Caldwell v. North Carolina
United States Supreme Court
Caldwell v. North Carolina
Argued: October 22, 1902. --- Decided: January 12, 1903
At June term, 1900, of the superior court of Guilford county, state of North Carolina, E. M. Caldwell was tried before a court and jury for an alleged offense in having engaged in the business of delivering pictures without having first obtained a license so to do. The jury found a special verdict as follows:
'The business mentioned in the ordinance following is not named in the charter of the city, other than in the above section.
'That the following is an ordinance duly passed by the board of aldermen of the city of Greensboro under and by virtue of the foregoing section of said charter, and prior to any of the orders being taken:
"Be it ordained by the board of aldermen of the city of Greensboro, North Darolina:
'That every person engaged in the business of selling or delivering picture frames, pictures, photographs, or likenesses of the human face, in the city of Greensboro, whether an order for the same shall have been previously taken or not, unless the said business is carried on by the same person in connection with some other business for which a license has already been paid to the city, shall pay a license tax of $10 for each year.
"Any person engaging in said business without having paid the license tax required herein shall be fined $20, and each and every sale or delivery shall constitute a
'That neither the defendant, the Chicago Portrait Company, nor any of the employees of the Chicago Portrait Company, have paid the city any license tax.
'If, upon the foregoing facts, the court shall be of opinion that the defendant is guilty, the jury say that he is guilty; otherwise they say that he is not guilty.

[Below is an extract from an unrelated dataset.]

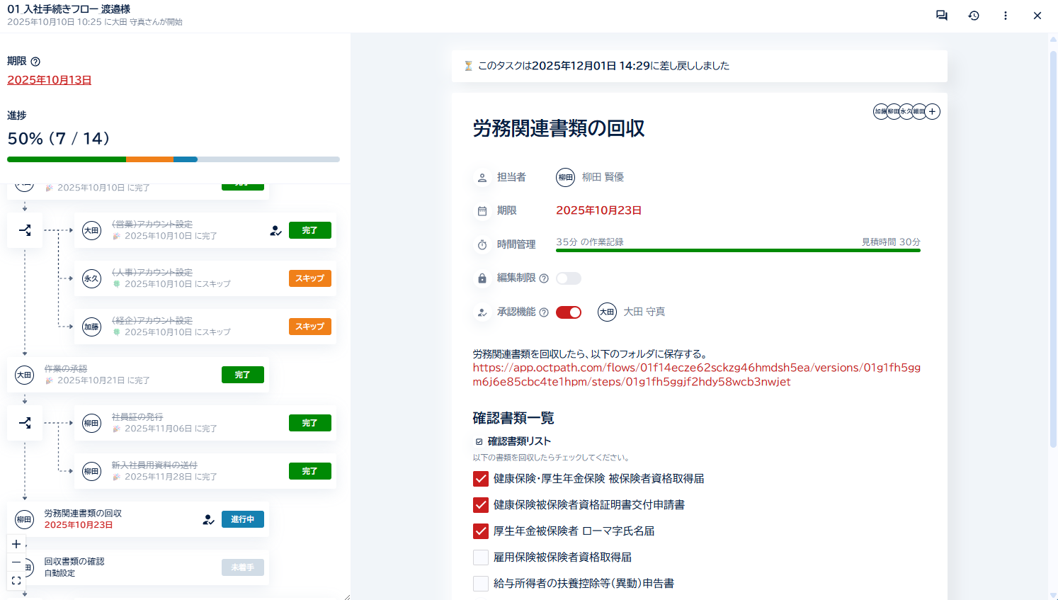 octpathのようなプロセスマネジメントツールを導入すると、業務の「入り口」から「出口」までがデジタル上のレールとして敷かれます。作業者はそのレールに沿って入力を進めるだけで、自然と「To Be」を体現した動きになります。これにより、教育コストを最小限に抑えながら、初日から理想のクオリティで業務を遂行することが可能になります。

'That on the ___ day of _____, 1900, the defendant, being employed by the Chicago Portrait Company, a foreign corporation, of Chicago, Illinois, came to Greensboro for the purpose of delivering certain pictures and frames for which contracts of sale had previously been made by other employees of the Chicago Portrait Company, who had preceded the defendant in Greersboro;
'That the defendant went to the Southern Railway freight station and took therefrom large packages of pictures and frames which had been shipped to Greensboro, North Carolina, addressed to the Chicago Portrait Company, carried these packages to the rooms of the defendant in the Woods House, a hotel in the city of Greensboro, and there broke the bulk, placing said pictures in their proper frames, and from this point delivered the pictures one at a time to the purchasers in the city of Greensboro;
'The defendant had been engaged in this work two days when arrested;
'That § 57 of the charter of the city of Greensboro, North Carolina, is as follows:
"That, in addition to the subjects listed for taxation, the aldermen may levy a tax on the following subjects, the amount of which taxed, when fixed, shall be collected by the collector of taxes, and if it be not paid on demand, the same may be recovered by suit, or the articles upon which the tax is imposed, or any other property of the owner made by forthwith distrained and sold to satisfy the same, namely:
"21. Upon all subjects taxed under schedule B, chapter 136, Laws of North Carolina, session of 1883, not heretofore provided for, shall pay a license or privilege tax of $10. And the board of aldermen shall have power to impose a license tax on any business carried on in the city of Greensboro, not before enumerated herein, not to exceed $10 a year."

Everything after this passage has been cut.